Today we learned about how to conduct a hypothesis test to see whether or not the slope (i.e. \[\beta_1\]) is significant. This is important because the linear regression model isn’t useful unless there is a significant relationship between y and x.
\[\hat{y_i}= \hat{\beta_0}+\hat{\beta_1} x_i\]
The hypotheses for this are as follows: \[H_0:\beta_1=0\]
In other words, the slope of the regression line is equal to zero under the null hypothesis. \[H_A:\beta_1\ne0\]
In other words, the slope of the regression line is not equal to zero under the alternative hypothesis
Initially, I applied this to the dataset “women”, which I called and attached. I used the lm function to create a model of the data, with weight being the response variable(y-axis), and height being the predictor variable(x-axis). Then, I used a 90% confidence interval with the function confint for the regression coefficients
data(women)
attach(women)
wom.mod<-lm(weight~height,data=women)
confint(wom.mod,level=0.9)
## 5 % 95 %
## (Intercept) -98.030599 -77.002734
## height 3.288603 3.611397
Thus we are 90% confident that the intercept of the model is in between -98.030599 and -77.002734, and the slope is in between 3.288603 and 3.611397. The intercept cannot be interpreted because it is considered extrapolation, as a height of 0 inches is not possible. For the slope however, it means that for every inch increase in height, there is in between a 3.288603 and 3.611397 pound increase.
Next, I used the cor function to see the correlation between height and weight.
cor(height,weight)
## [1] 0.9954948
The resulting value is 0.9954948, which means there is a really strong positive correlation between height and weight. This is because it is really close to 1, which represents a perfectly positive correlation.
I created a new data frame so that the height of a woman is constant at 67 inches.
newdata<-data.frame(height=67)
The prediction interval is the interval in which the value of y falls into it with a probability of \[1-\alpha\]. To calculate this I used the prediction function with the interval specified as “predict”.
(predy<-predict(wom.mod,newdata,interval="predict"))
## fit lwr upr
## 1 143.6333 140.208 147.0587
predy%*%c(0,-1,1)
## [,1]
## 1 6.850661
We are 95% confident that the value of y falls in between 140.208 and 147.0587. Also, the width of the interval is 6.850661.
The confidence interval is the interval in which the mean value of y falls into it with a probability of \[1-\alpha\]. To calculate this I used the prediction function with the interval specified as “confidence”.
(confy<-predict(wom.mod,newdata,interval="confidence"))
## fit lwr upr
## 1 143.6333 142.696 144.5707
confy%*%c(0,-1,1)
## [,1]
## 1 1.874753
We are 95% confident that the mean value of y falls in between 142.696 and 144.5707. Also, the width of the interval is 1.874753, which is much smaller than the prediction interval. This is due to the fact that the variance of the mean of y is going to be much smaller than any individual value of y.
Also, we want to confirm that the confidence interval and the prediction interval are centered at the same spot.
confy[1]==predy[1]
## [1] TRUE
Since this statement is true, they are in fact centered in the same spot.

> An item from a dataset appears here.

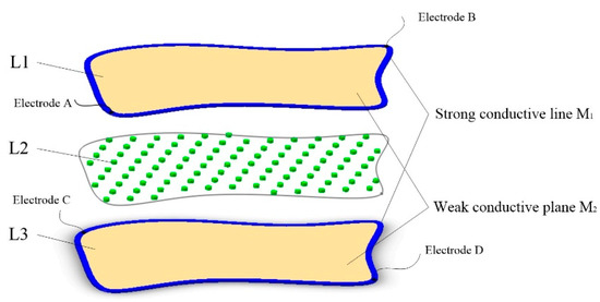 In this paper, two conductive materials with different conductivities were used to construct the conductive plane, as shown in Figure 1. The two conductive materials should have good flexibility, and the conductivity of one is much greater than that of the other one. A flexible weak conductive layer was made of the material with low conductivity, and a special designed strong conductive line made of the material with high conductivity was arranged along the edge of the weak conductive layer. Thus, the conductive plane is constructed.
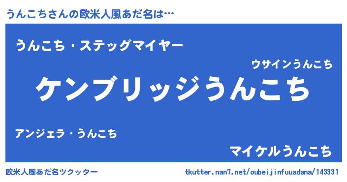| 男性向けラノベタイトル風あだ名 | 『Re:うんこちから始める異世界生活』 |

Another way we can test the linear relationship between x and y is through an F-test. However, in this case, it isn’t necessary since the p-value is going to be the same as the test we just conducted.
summary(wom.mod)
##
## Call:
## lm(formula = weight ~ height, data = women)
##
## Residuals:
## Min 1Q Median 3Q Max
## -1.7333 -1.1333 -0.3833 0.7417 3.1167
##
## Coefficients:
## Estimate Std. Error t value Pr(>|t|)
## (Intercept) -87.51667 5.93694 -14.74 1.71e-09 ***
## height 3.45000 0.09114 37.85 1.09e-14 ***
## ---
## Signif. codes: 0 '***' 0.001 '**' 0.01 '*' 0.05 '.' 0.1 ' ' 1
##
## Residual standard error: 1.525 on 13 degrees of freedom
## Multiple R-squared: 0.991, Adjusted R-squared: 0.9903
## F-statistic: 1433 on 1 and 13 DF, p-value: 1.091e-14
As you can see, the p-value for the slope is 1.09 e-14, which is the same as the p-value for the F-test. Either way, the p-value is much smaller than alpha, and therefore the null hypothesis is rejected, and the alternative is accepted.